The team found that nearly two-thirds of the wells had water levels below the nearest stream. This creates a gradient that can drive water from the river channel into the aquifer beneath.
“Our analysis shows that two out of three rivers in the U.S. are already losing water. It’s very likely that this effect will worsen in the coming decades and some rivers may even disappear” said co-lead author Hansjörg Seybold at ETH Zurich.
“The phenomenon, set in motion decades ago, is now widespread across the U.S. There are far more streams draining into underlying aquifers than we had first assumed,” Seybold continued. “Since rivers and streams are a vital water supply for agriculture and cities, the gravity of the situation came as a surprise.”
Rivers were particularly prone to losing water in arid regions, along flat topography and in areas with extensive groundwater pumping, they observed. A prime example of this would be flat agricultural land in semi-arid regions like California’s Central Valley. “We are literally sucking the rivers dry," Seybold said.
Losing rivers can impact other water users, downstream communities and ecosystems that rely on surface flows. “Historically, we’ve often treated these two resources as separate resources,” Perrone said. “Our work highlights the importance of considering groundwater and surface water as a single resource where they are connected.”
The researchers also found that losing rivers have been widespread in the U.S. for quite some time, present in many places at least as far back as the 1940s and ‘50s. And while many waterways naturally lose water, the issue can be exacerbated by human activity.
Humans have extracted water from the ground for thousands of years; in America they’ve been doing so for hundreds of years. The practice accelerated after World War II and has been rampant since the 1970s, accompanied by the undesirable and unintended consequences it entails.
“This isn’t a new phenomenon,” Jasechko said. “It's been with us for decades.”
Water levels do fluctuate over years and decades, and unfortunately the researchers have only one data point for many of the wells in their sample. Other work by the team suggests that groundwater typically fluctuates by no more than a few meters over the course of a year. However, the water level for the many wells near losing rivers was more than two meters below the surface of the nearest stream, increasing the researchers’ confidence that leaky rivers are likely widespread.
“We can only observe well water levels where wells exist,” Jasechko acknowledged. “It’s an obvious but important point. Our analysis is inherently biased to places where wells have been drilled, and therefore also to places where groundwater is pumped.”
While the researchers don’t see any straightforward way around this in the short-term, they hope their results can inform resource management and monitoring, perhaps informing policies that fund more monitoring wells in under-surveyed areas.
“Big studies like this get people thinking about broader water policy,” Perrone said. “And for me, that is why continental scale analyses are important.”
“My hope is that this study gets more people thinking about the interconnection of groundwater and surface water where these two resources are connected, and it also gets groundwater policy on the map,” she continued.

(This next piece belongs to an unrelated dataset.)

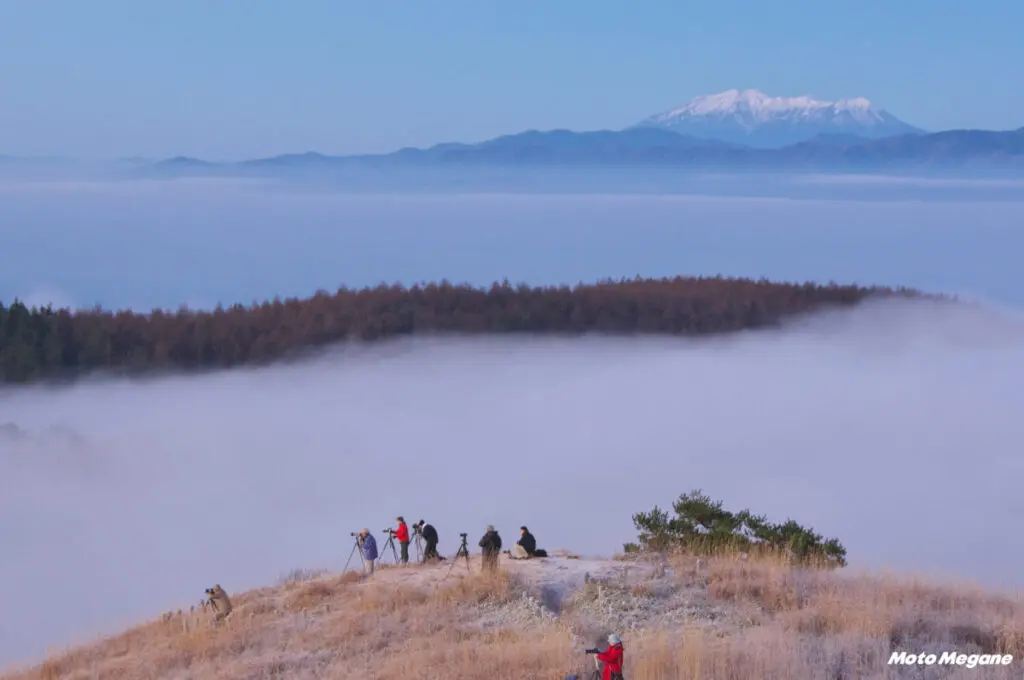 ビーナスラインの西側の麓には、松本盆地を見おろす有名な高ボッチがある。360度の眺望が開けた山頂は標高1665mで、東方向には諏訪湖に加えて条件次第では富士山を望むことができ、西方向には穂高連峰や北アルプスが広がる。神々しささえ感じるような日の出や日の入りだけでなく、夜には満点の星空が広がり、10月中旬から12月までみられる雲海も素晴らしく、シーズンには多くのカメラマンが高ボッチに集まる。
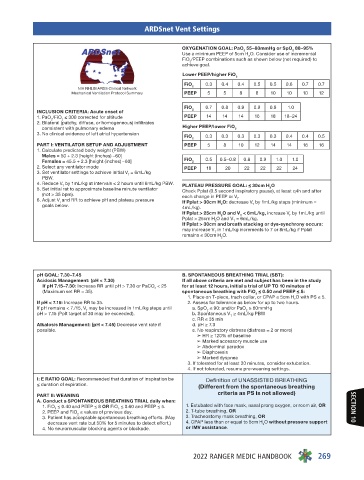 pH GOAL: 7.30–7.45 B. SPONTANEOUS BREATHING TRIAL (SBT):

For so long this resource has been literally and metaphorically out of sight.
Perrone and Jasechko plan to expand this type of large-scale analysis to other parts of the globe and see how pumping and losing rivers impact groundwater-dependent ecosystems. Perrone also intends to connect their results back to her groundwater dashboard.
“Losing rivers aren’t some hypothetical scenario,” Jasechko stated. “They’re here and now.” They are in part the result of the past century of water use and misuse.
“If we have a better understanding of how widespread this phenomenon is, then we can influence future policy in positive ways,” added Perrone. Because society is past the point where it can talk about prevention; we’re now talking about response.